▶ What this task involves:
Would you please return the data below verbatim, without its pictures?

▶ Data shown:
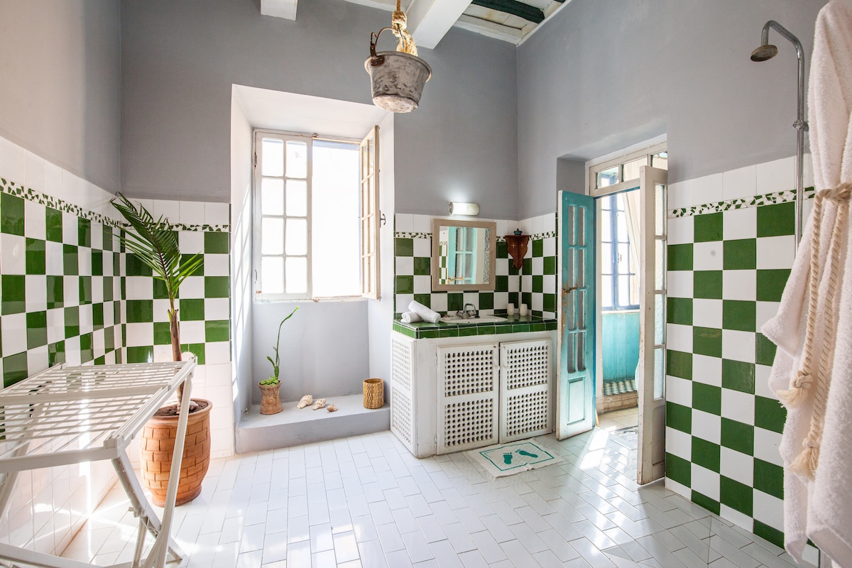 Butik apartman u srcu esaouira medine sa zadivljujućim pogledom na more. Studio je savršen za dvoje, ovaj dobro opremljen stan idealan je za kratak ili duži boravak. Privatna trpezarijska terasa i privatni sadržaji kupatila sa otvorenim tušem . Potpuno opremljena kuhinja. Uređenje apartmana je elegantno i umjetničko u kojem se nalaze lokalni .
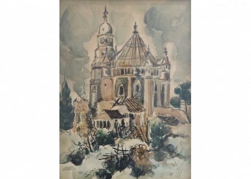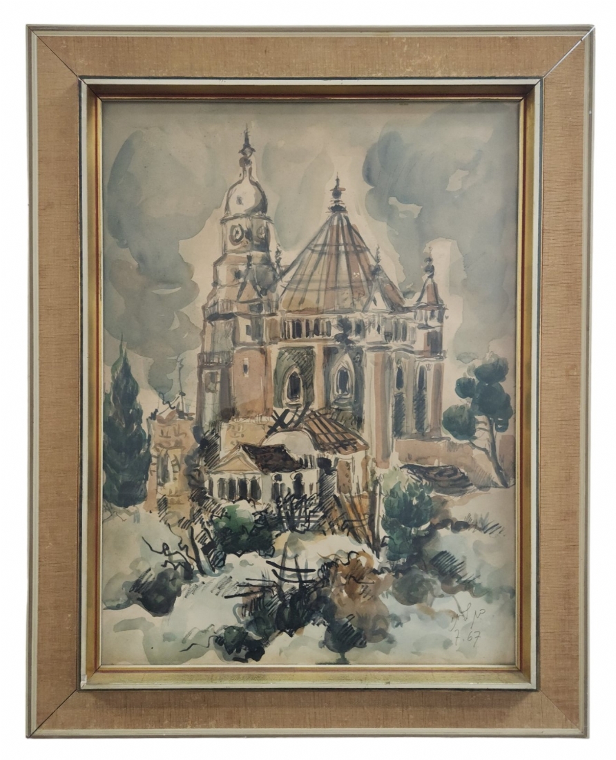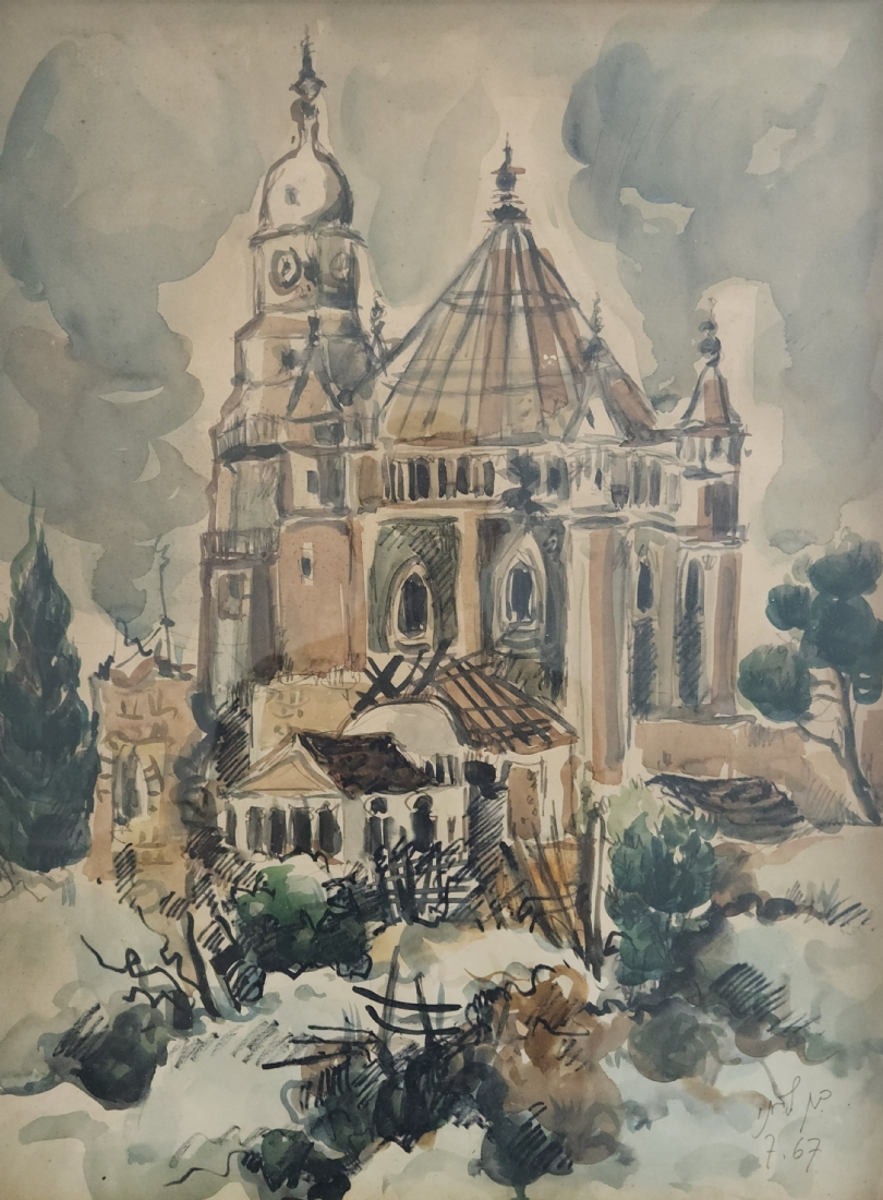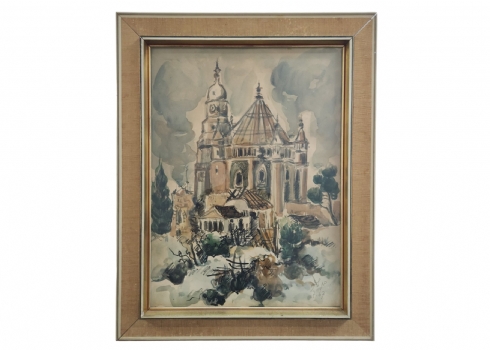 דן לבני (Dan Livni) - 'כנסיה בפריז' - אקוורל על נייר
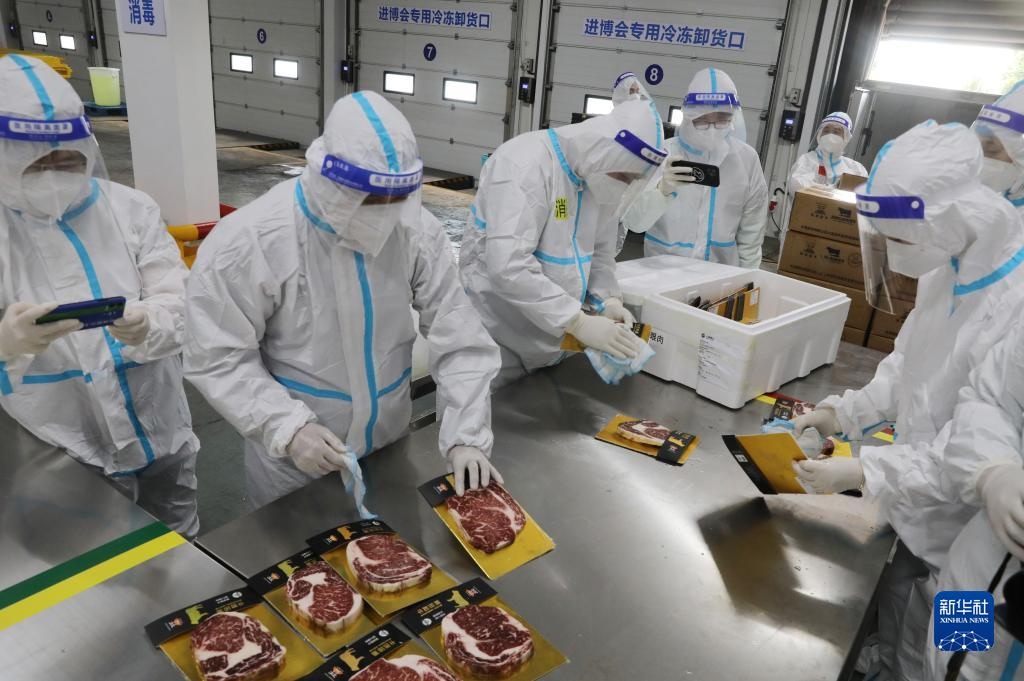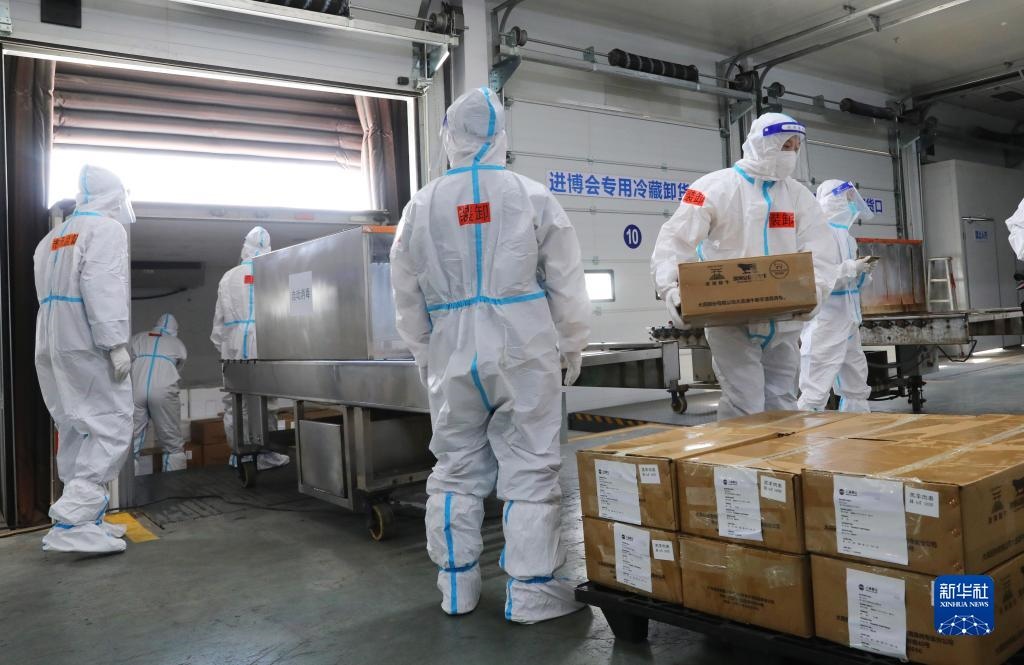 10月20日,工作人員在總倉內(nèi)搬運完成卸車消毒的冷鏈食品展品。新華社記者 方喆攝

▶ Response box:
 Butik apartman u srcu esaouira medine sa zadivljujućim pogledom na more. Studio je savršen za dvoje, ovaj dobro opremljen stan idealan je za kratak ili duži boravak. Privatna trpezarijska terasa i privatni sadržaji kupatila sa otvorenim tušem . Potpuno opremljena kuhinja. Uređenje apartmana je elegantno i umjetničko u kojem se nalaze lokalni .
 דן לבני (Dan Livni) - 'כנסיה בפריז' - אקוורל על נייר
 10月20日,工作人員在總倉內(nèi)搬運完成卸車消毒的冷鏈食品展品。新華社記者 方喆攝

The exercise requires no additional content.